## [Task directions]
For the material below, reproduce exactly each line from the one that has "This black belt" through the one that has "El diseño de", and no others; pictures stay out.

## [Provided records]
>>>>

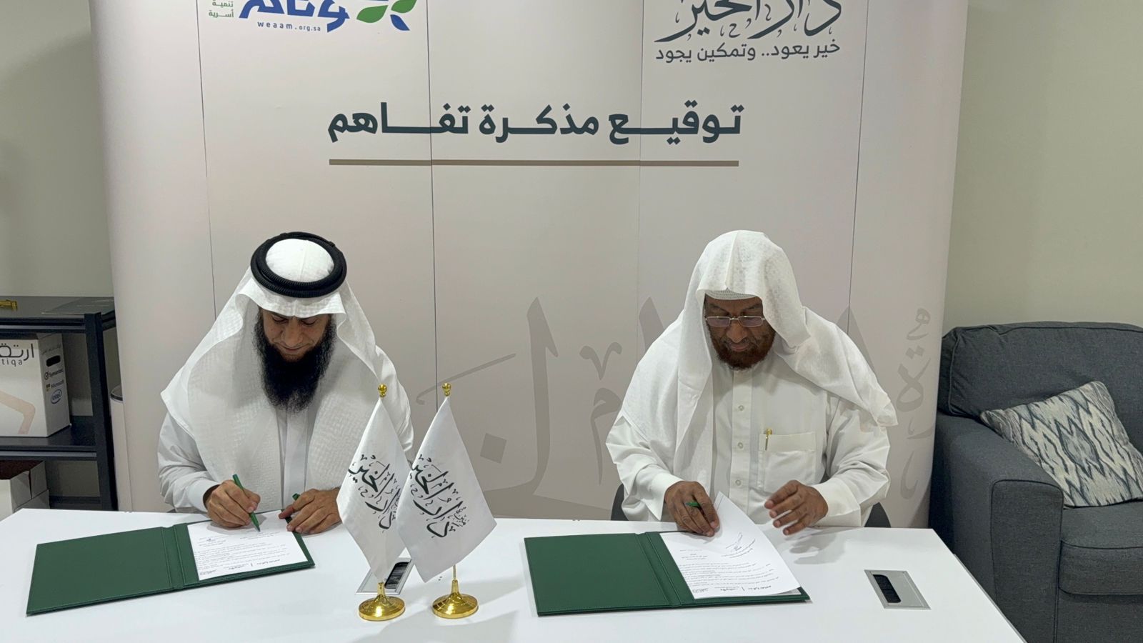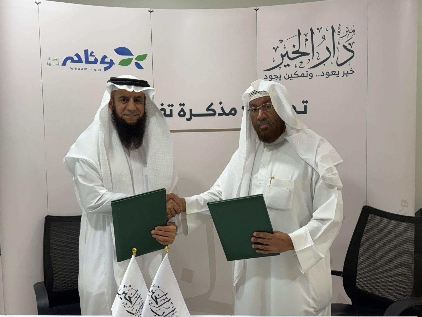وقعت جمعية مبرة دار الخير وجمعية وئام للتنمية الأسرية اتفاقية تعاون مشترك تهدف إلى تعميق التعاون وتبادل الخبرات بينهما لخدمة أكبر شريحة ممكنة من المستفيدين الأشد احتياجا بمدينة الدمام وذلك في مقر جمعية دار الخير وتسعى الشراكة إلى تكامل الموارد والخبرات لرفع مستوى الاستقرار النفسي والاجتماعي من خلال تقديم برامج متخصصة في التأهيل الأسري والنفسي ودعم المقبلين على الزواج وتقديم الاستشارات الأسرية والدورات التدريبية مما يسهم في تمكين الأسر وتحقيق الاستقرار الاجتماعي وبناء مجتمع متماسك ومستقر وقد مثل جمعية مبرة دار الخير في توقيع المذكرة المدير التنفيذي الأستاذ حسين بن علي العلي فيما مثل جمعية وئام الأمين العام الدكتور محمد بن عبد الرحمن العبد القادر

<<<<
>>>>

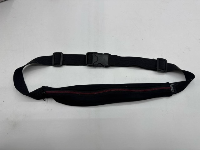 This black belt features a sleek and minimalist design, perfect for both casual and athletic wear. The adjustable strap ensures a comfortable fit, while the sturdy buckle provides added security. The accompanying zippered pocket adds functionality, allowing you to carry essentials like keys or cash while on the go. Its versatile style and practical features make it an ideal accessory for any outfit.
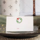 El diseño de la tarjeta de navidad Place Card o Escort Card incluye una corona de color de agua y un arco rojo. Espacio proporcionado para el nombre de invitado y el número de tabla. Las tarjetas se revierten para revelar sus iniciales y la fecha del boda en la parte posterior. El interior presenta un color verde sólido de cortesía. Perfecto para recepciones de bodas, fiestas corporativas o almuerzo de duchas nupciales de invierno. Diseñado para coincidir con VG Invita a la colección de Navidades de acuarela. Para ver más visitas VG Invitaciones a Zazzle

<<<<

## [Reply to the task]
 This black belt features a sleek and minimalist design, perfect for both casual and athletic wear. The adjustable strap ensures a comfortable fit, while the sturdy buckle provides added security. The accompanying zippered pocket adds functionality, allowing you to carry essentials like keys or cash while on the go. Its versatile style and practical features make it an ideal accessory for any outfit.
 El diseño de la tarjeta de navidad Place Card o Escort Card incluye una corona de color de agua y un arco rojo. Espacio proporcionado para el nombre de invitado y el número de tabla. Las tarjetas se revierten para revelar sus iniciales y la fecha del boda en la parte posterior. El interior presenta un color verde sólido de cortesía. Perfecto para recepciones de bodas, fiestas corporativas o almuerzo de duchas nupciales de invierno. Diseñado para coincidir con VG Invita a la colección de Navidades de acuarela. Para ver más visitas VG Invitaciones a Zazzle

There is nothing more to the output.